How do you prevent HIV?
There is no cure for HIV, but there are ways to prevent getting the virus.
HIV is generally passed from person-to-person through sexual (anal, vaginal, or oral) contact or by sharing needles and other drug works. HIV can be prevented through abstinence, mutual monogamy, condoms, by not sharing needles and drug works (commonly referred to as paraphernalia), and by limiting the use of substances (i.e. alcohol and other non-injecting drugs) that impair judgment.
There is currently no vaccine for HIV. Researchers have been trying to find an HIV vaccine since the virus was first identified in 1984. HIV is a very complex virus, so researchers have not been successful in creating a vaccine, but they continue to try.
Male latex condoms, placed over the penis, offer greater protection from HIV than female condoms. However, using a female condom is better than not using any form of protection at all. Condoms should be used consistently—EVERY time you have sex. Be sure not to tear the condom when opening the wrapper. Open the wrapper carefully with your hands—never use your teeth. And always use a NEW condom with every act of vaginal, anal, or oral sex.
To use a male condom correctly
To use a female condom correctly
How effective are latex condoms in the fight against HIV?
Latex condoms, when used consistently and correctly, are highly effective in preventing sexual transmission of HIV, the virus that causes AIDS. Research on the effectiveness of latex condoms in preventing heterosexual transmission is both comprehensive and conclusive. The ability of latex condoms to prevent transmission has been scientifically established. It should be noted that condom use cannot provide absolute protection against HIV. The surest way to avoid transmission of HIV is to abstain from sexual intercourse or to be in a long-term mutually monogamous relationship with a partner who has been tested and you know is not infected.
Are health care workers at risk of getting HIV on the job?

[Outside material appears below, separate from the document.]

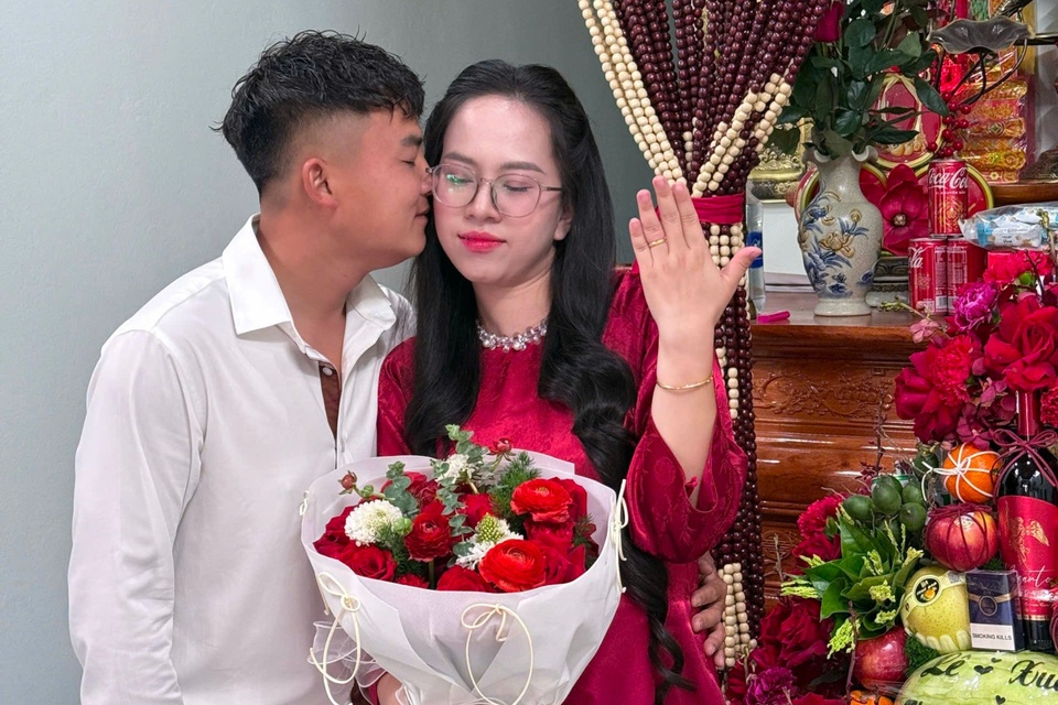 Ngày 28/1, anh Nguyễn Xuân Hoàng (sinh năm 1994) mang trầu cau, rượu, thuốc và sính lễ đến nhà chị Lê Thị Thương (sinh năm 1997, cùng quê Thanh Hóa) để làm lễ ăn hỏi lần hai. Buổi lễ diễn ra trang trọng, đủ nghi thức, không khác gì ngày hai gia đình từng ngồi lại cách đây 8 năm.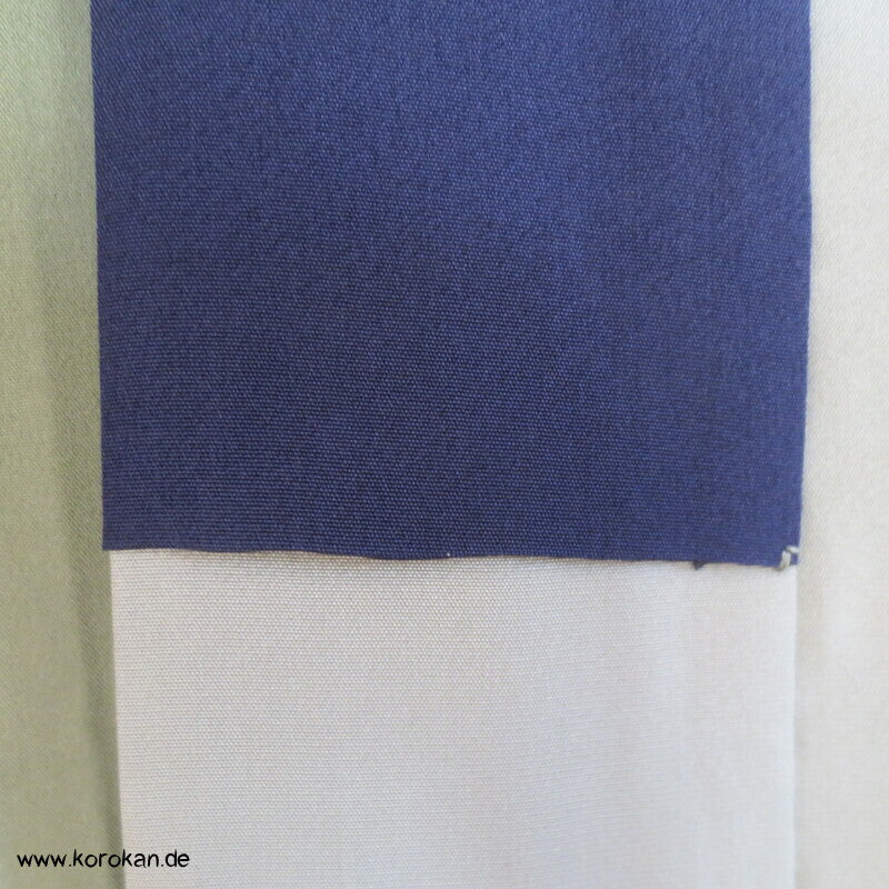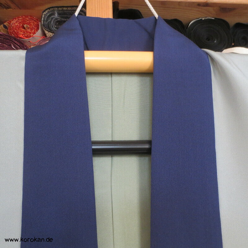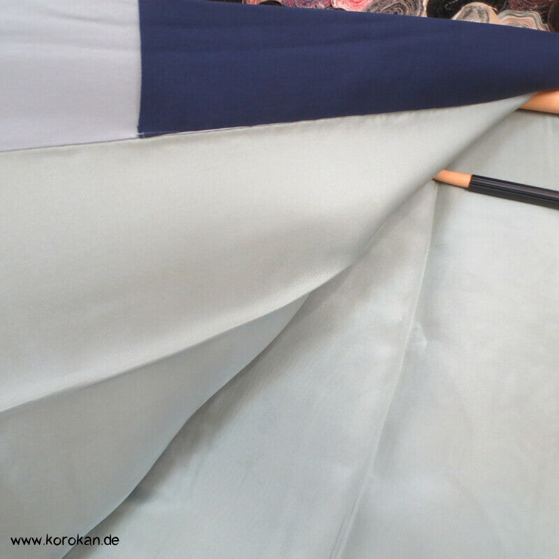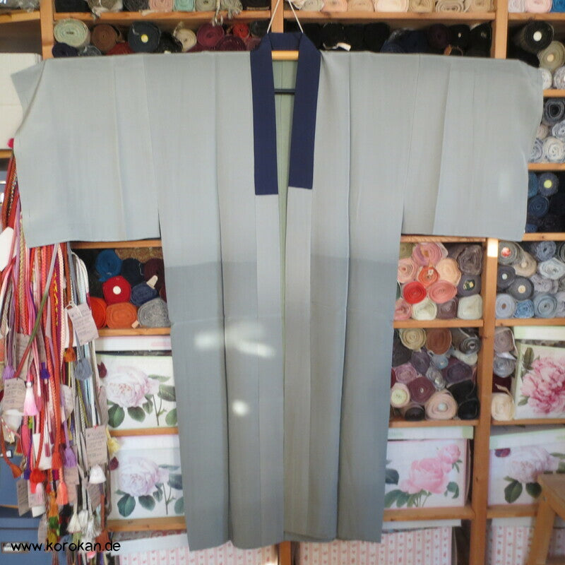 Vintage Männer Juban Unter Kimono, Farbverlauf Seidencrepe mit handgemaltem Bambus großem Motiv im Rücken, Künstlersignatur, voll gefüttert mit blassblauer Seide und einem dunkelblauen geschlossen angenähten Han Eri Ripskragen.

The risk of health care workers being exposed to HIV on the job is very low, especially if they carefully follow universal precautions (i.e., using protective practices and personal protective equipment to prevent HIV and other blood-borne infections). It is important to remember that casual, everyday contact with an HIV-infected person does not expose health care workers or anyone else to HIV. For health care workers on the job, the main risk of HIV transmission is through accidental injuries from needles and other sharp instruments that may be contaminated with the virus; however, even this risk is small.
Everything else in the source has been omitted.